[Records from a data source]
--*--

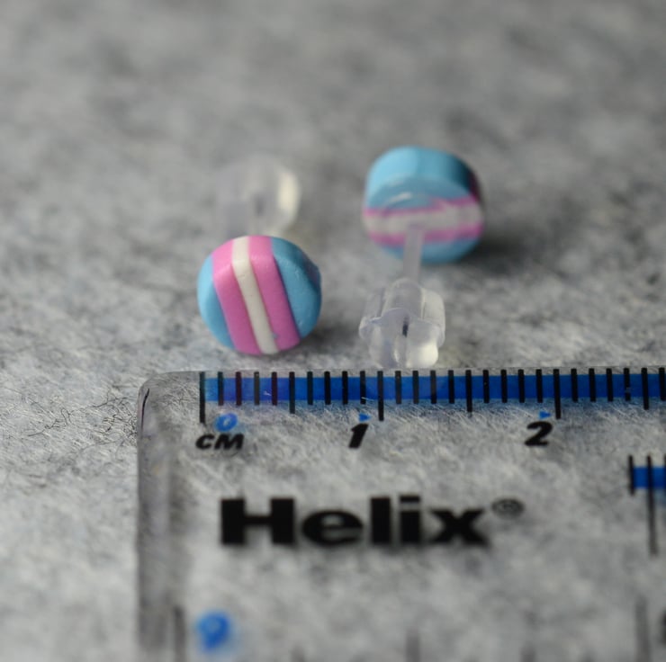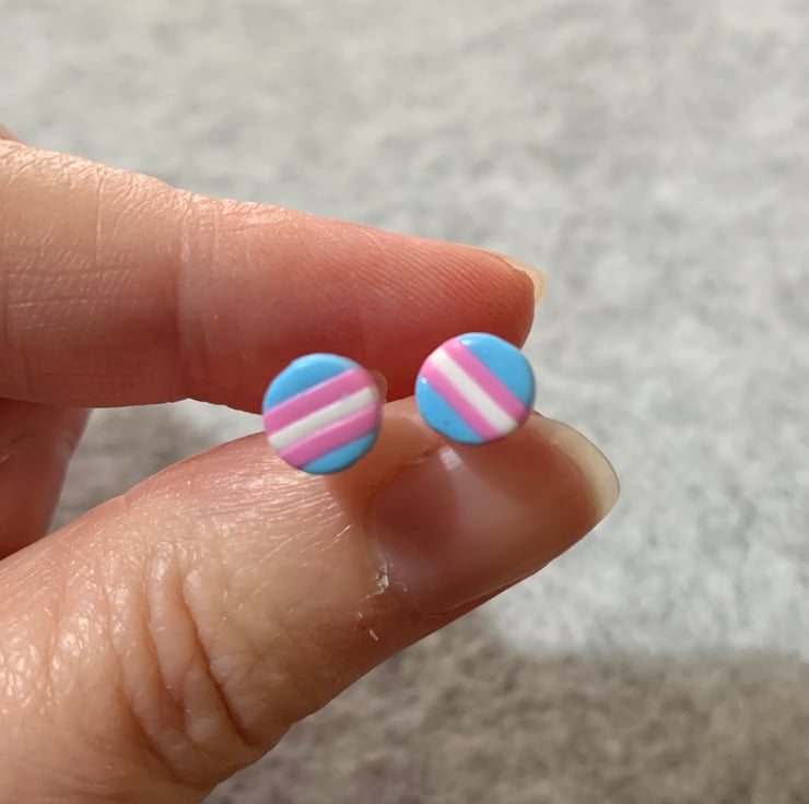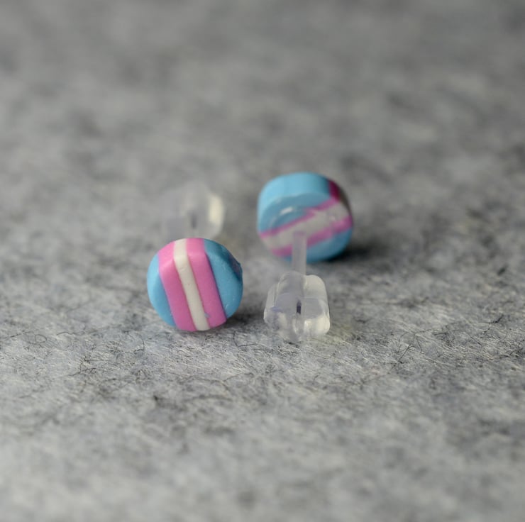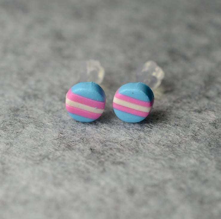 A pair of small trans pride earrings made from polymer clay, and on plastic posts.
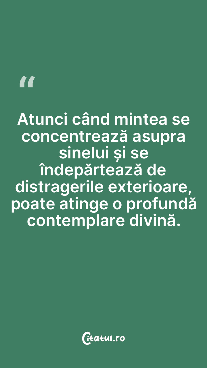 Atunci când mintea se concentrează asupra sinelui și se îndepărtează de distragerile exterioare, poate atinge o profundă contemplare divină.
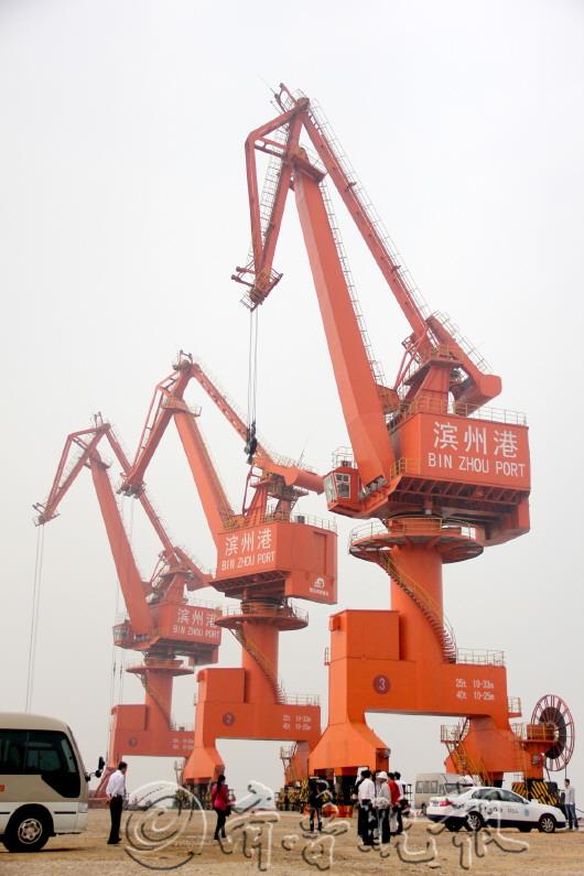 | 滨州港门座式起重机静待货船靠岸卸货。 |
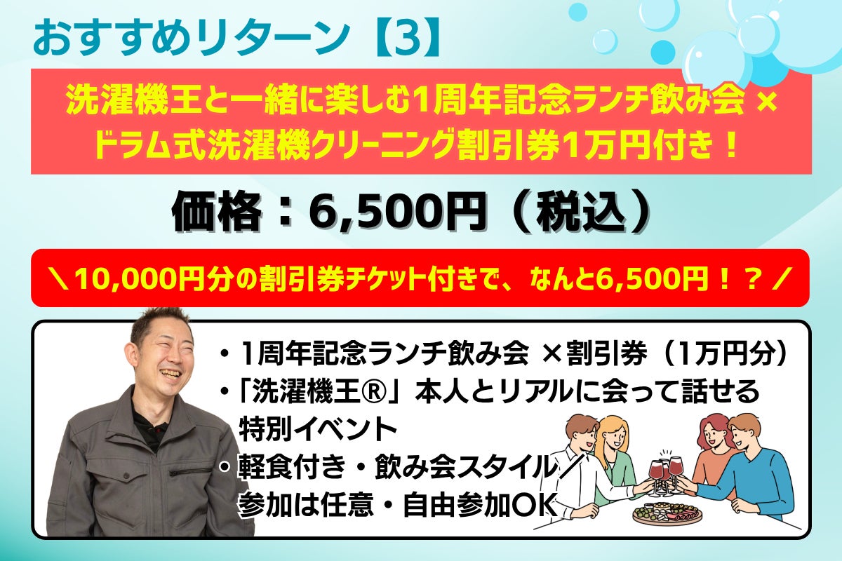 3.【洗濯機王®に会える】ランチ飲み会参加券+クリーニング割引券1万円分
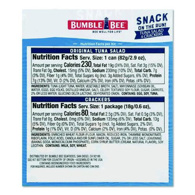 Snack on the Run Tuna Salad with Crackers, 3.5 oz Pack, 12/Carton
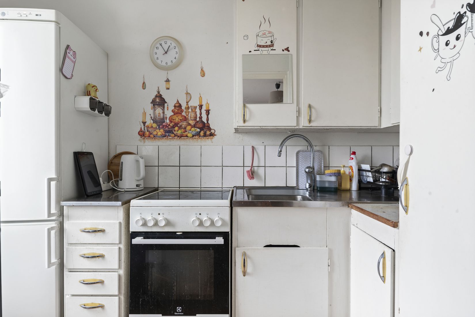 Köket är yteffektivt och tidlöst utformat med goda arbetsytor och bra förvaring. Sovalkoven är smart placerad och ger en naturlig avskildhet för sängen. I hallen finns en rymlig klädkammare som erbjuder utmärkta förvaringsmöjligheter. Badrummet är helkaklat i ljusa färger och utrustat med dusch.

--*--

WHAT THIS TASK INVOLVES
Every line from the one containing "3.【洗濯機王®に会える】ランチ飲み会参加券+クリーニング割引券1万円分" through the end of the records is to be returned exactly, and those lines alone; pictures are dropped.

WRITTEN REPLY
 3.【洗濯機王®に会える】ランチ飲み会参加券+クリーニング割引券1万円分
 Snack on the Run Tuna Salad with Crackers, 3.5 oz Pack, 12/Carton
 Köket är yteffektivt och tidlöst utformat med goda arbetsytor och bra förvaring. Sovalkoven är smart placerad och ger en naturlig avskildhet för sängen. I hallen finns en rymlig klädkammare som erbjuder utmärkta förvaringsmöjligheter. Badrummet är helkaklat i ljusa färger och utrustat med dusch.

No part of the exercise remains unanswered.